Vaccines + Microbicides • Prospect of partial efficacy and testing in combination with other prevention methods = complex messages • Potential impact on future treatment and/or prevention options for individuals and communities • Potential social hazards for ‘low risk’ Phase I volunteers due to HIV stigma
Use of ARVs in prevention • Post-exposure prophylaxis – could be made available now but RCT not possible; economics & logistics? • Pre-exposure prophylaxis (tenofovir) –RCT possible and essential; issues of targeting, economics & logistics? • Use in microbicides – tenofovir, NNRTIs: need to target HIV-ve users, evaluate resistance risks, logistics?
Community Advisory Boards • Driven by needs of Phase III trials, where role is: • Liaison between community and researchers. • Advise [on] the development and implementation of research. • Identify potential research ideas. (HIV Prevention Trials Network)
What is the role for a UK Community Advisory Board? • Clearly, not to prepare for a Phase III trial. So is it needed at all? • This presentation sets out the case for an important role which needs to be differentiated, however, from those of other forums for community involvement in HIV prevention technology research
Outreach and trial volunteer support (1 of 3) • Recruiting volunteers to a small one-off trial is possible without reference to community or volunteer experience • Recruiting thousands for a research programme over several years is unlikely to be possible without serious attention to community issues and the volunteers’ experience in the trials
Outreach and trial volunteer support (2 of 3) • Trial investigators must be responsible for volunteer recruitment, retention and support • However, a media, outreach and volunteer support strategy for each trial/trial series could benefit from access to a Community Advisory Board that includes past trial volunteers and HIV community groups
Outreach and trial volunteer support (3 of 3) • Volunteers should be encouraged to see themselves as part of a process beyond the immediate trial; they should be able to comment on their experiences of involvement (positive as well as negative) and be given an opportunity to be kept informed about the research after the trial
Mobilising communities for advocacy (1 of 2) • Advocacy issues related to microbicides, vaccines and use of ARVs for prevention are distinct and may be best kept separate • Advocacy needs alter as options move nearer to adoption in practice (or appear to move away, with greater awareness of technical challenges)

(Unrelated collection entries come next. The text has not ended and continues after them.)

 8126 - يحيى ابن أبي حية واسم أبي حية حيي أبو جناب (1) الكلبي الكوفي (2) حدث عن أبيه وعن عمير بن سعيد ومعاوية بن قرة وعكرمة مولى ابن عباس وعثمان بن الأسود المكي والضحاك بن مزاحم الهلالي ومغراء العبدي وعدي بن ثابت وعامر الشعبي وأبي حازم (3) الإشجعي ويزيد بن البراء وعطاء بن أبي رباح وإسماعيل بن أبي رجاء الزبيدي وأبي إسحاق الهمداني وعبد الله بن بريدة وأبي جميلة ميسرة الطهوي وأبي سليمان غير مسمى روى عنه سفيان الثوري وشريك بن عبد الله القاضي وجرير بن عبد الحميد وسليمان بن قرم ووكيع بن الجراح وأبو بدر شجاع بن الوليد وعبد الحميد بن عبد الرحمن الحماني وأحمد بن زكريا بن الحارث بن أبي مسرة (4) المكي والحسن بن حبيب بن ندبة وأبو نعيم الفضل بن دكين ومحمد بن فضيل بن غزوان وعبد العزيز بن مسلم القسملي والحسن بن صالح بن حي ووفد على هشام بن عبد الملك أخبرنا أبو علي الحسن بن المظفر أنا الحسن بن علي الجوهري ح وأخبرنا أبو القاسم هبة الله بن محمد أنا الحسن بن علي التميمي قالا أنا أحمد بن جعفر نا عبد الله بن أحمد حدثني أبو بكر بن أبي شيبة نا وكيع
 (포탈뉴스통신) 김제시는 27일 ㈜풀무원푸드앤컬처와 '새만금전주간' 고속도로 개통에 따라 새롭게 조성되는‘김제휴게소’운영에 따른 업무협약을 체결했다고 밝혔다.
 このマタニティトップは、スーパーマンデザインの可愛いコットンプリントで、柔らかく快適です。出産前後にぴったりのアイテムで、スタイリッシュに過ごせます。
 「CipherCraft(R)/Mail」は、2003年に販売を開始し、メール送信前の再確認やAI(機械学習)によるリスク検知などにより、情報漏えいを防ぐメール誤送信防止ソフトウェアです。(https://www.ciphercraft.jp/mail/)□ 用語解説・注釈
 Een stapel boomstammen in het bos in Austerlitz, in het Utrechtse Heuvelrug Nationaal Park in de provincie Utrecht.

Mobilising communities for advocacy (2 of 2) • The existence of the UK Campaign for Microbicides does not reduce the need for a CAB to consider trial design, volunteer support, etc • Such campaigns and any CAB would need to exchange information on a regular basis but separating out the roles is mutually beneficial
Monitoring impacts on HIV prevention • Existing forums (CHAPS, African HIV Prevention Network) are the best place to discuss these issues • The THT ‘Expert Seminar’ model which invites stakeholders to discuss an issue is the best pattern for now • A CAB and campaign groups can and should help to identify issues to discuss and take to those forums
Proposal for UK-CAB • The proposal is, that the UK-CAB should extend its work on treatment research and access to cover research on HIV prevention technologies – in a well-defined and sustainable way, taking full account of the existence and need for other forums for community involvement
Proposal for UK-CAB • Use of ARVs for prevention is an obvious area for the UK-CAB to explore, as it builds on the experience of treatment advocates in relation to the use of ARVs for treatment. In fact, the relationship is so close that it might best be integrated with other work on ARVs.

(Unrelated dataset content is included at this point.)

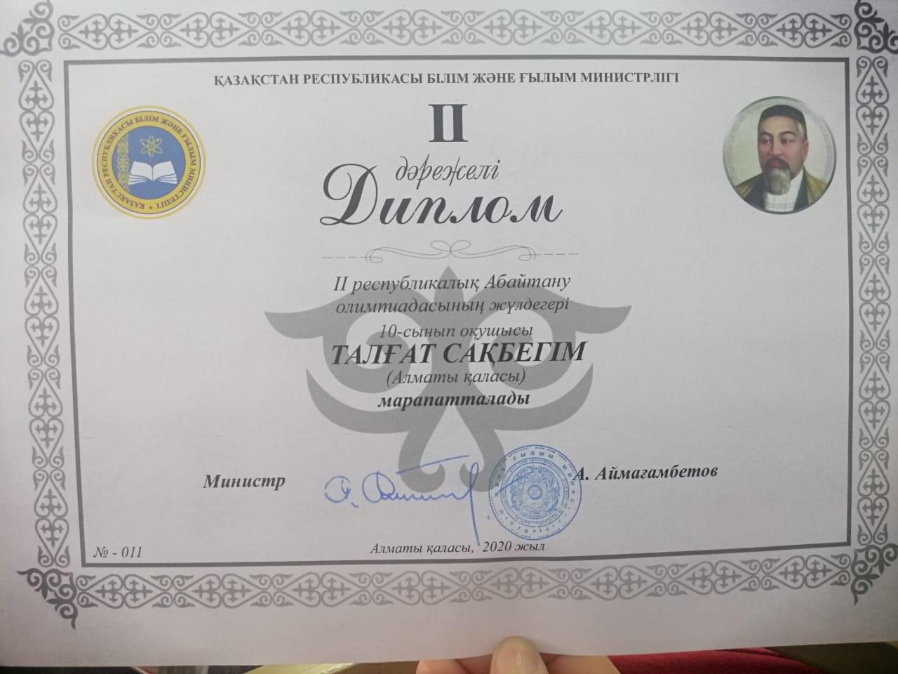 Алатау ауданына қарасты №178 лицейдің 10 сынып оқушысы Талғат Сақбегім ІІ Республикалық Абайтану олимпиадасына қатысып, ІІ дәрежелі дипломмен марапатталды. Оқушымыздың жеңісімен құттықтаймыз!
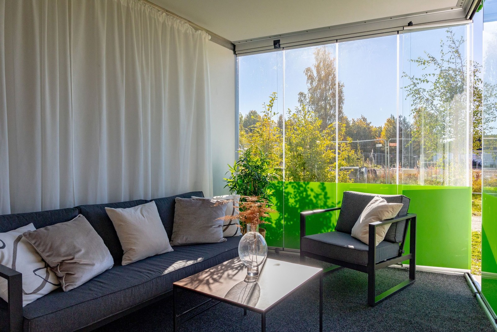 Fint vardagsrum med stora ytor vilket ger flera möbleringsalternativ. Vardagsrummet rymmer ett större soffgruppsmöblemang. Tack vare den attraktiva planlösningen finns det naturliga flöden in till köket och bostadens två sovrum. Från rummet når man bostadens inglasade och rymliga balkong. Här finns det gott om plats för umgänge och här ryms en sittgrupp. Belägenheten i markplan gör att man på ett enkelt sätt kan nå utemiljön från balkongen.

Proposal for UK-CAB • Microbicide trials are already recruiting HIV positive women for initial safety and acceptability studies. It is obviously appropriate for the UK CAB to be considering the need for training and support to those involved in that process. The use of ARVs as microbicides could further strengthen the case for UK CAB involvement.
Proposal for UK-CAB • While there is important UK-based HIV vaccine research, it may be at a greater remove from direct clinical application than ARV or microbicide prevention research • However, there is real value for both community organisations and researchers in having a dialogue …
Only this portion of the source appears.